Site information
- Type: Armory
- Owner: Barnstable, Massachusetts
- Controlled by: Town of Barnstable
- Open to the public: Yes

Location
- Coordinates: 41°39′02.85″N 70°16′57.62″W﻿ / ﻿41.6507917°N 70.2826722°W

Site history
- Built: 1958
- Built by: Massachusetts National Guard
- In use: 1958-2005
- Battles/wars: Cold War
- Events: JFK's Presidential Acceptance Speech

Garrison information
- Garrison: Hyannis, Massachusetts
- Occupants: 685th AAA Machine Gun Battalion

= Hyannis Armory =

The Hyannis Armory is located at 225 South Street, Hyannis, Massachusetts. The armory was built in 1958, and hosted Battery D of the 685th AAA Machine Gun Battalion of the Massachusetts Army National Guard. President-elect John F. Kennedy gave his victory speech at the Hyannis Armory on Nov. 9, 1960, the morning he learned he had been elected. The property was nominated for the National Register of Historic Places, but was never listed.
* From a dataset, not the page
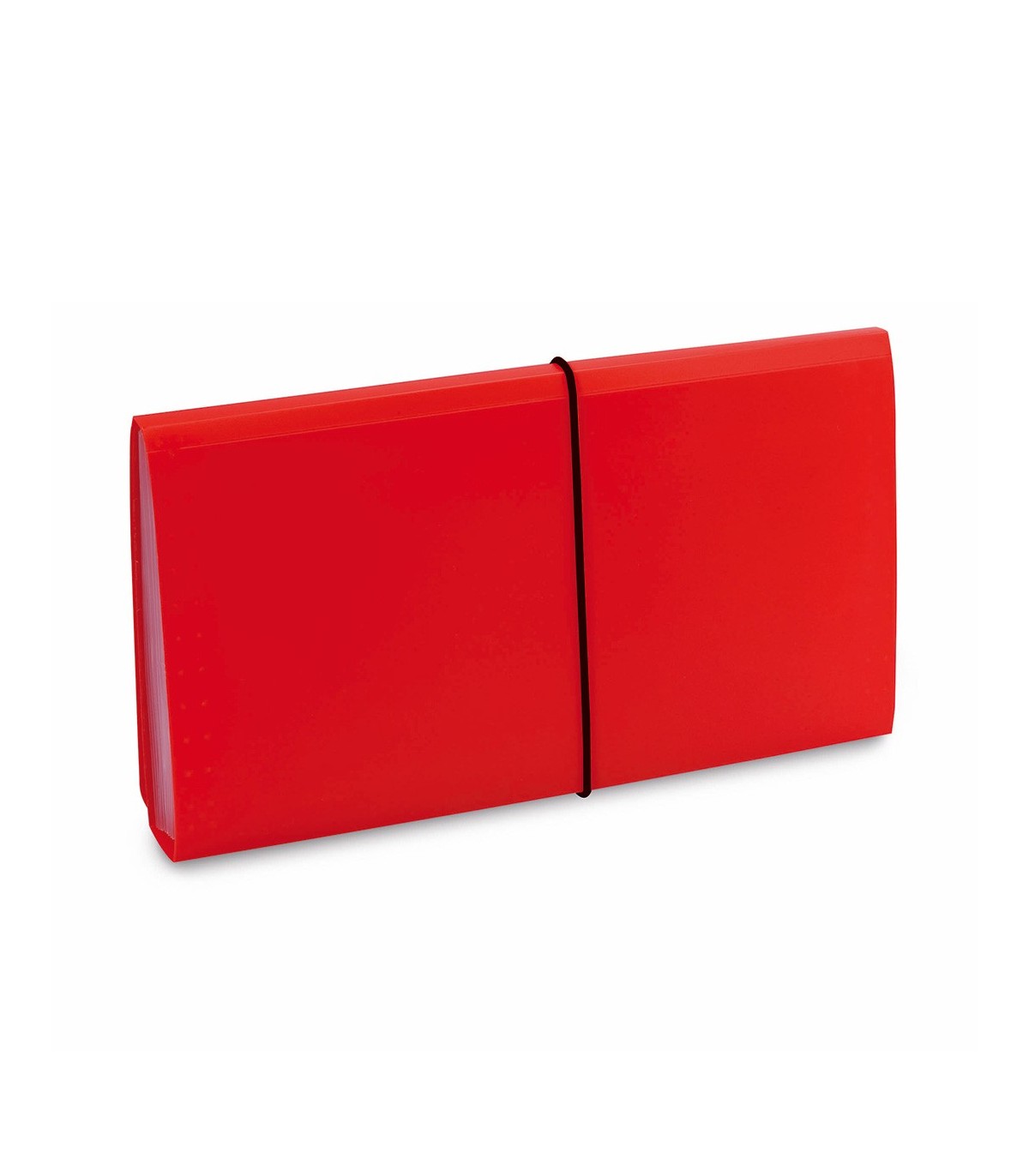 Carpeta organizador de ingenioso cierre de elástico, en resistente material y variados colores. Interior con 12 separadores de acabado translúcido con pestaña de identificación superior.

In the late 2000s, there was talk of demolishing the armory and building a new performing arts center, which would be the second for the town, the first being the Barnstable High School Performing Arts Center at nearby Barnstable High School. Sturgis Charter School's basketball team used to practice within the facility and the lack of heat has sometimes led to temperatures inside being colder than those outside. The plan to tear down the facility and replace it was shelved when the economy collapsed in 2008. Hyannis Armory is currently part of the Kennedy Legacy Trail and is open to the public.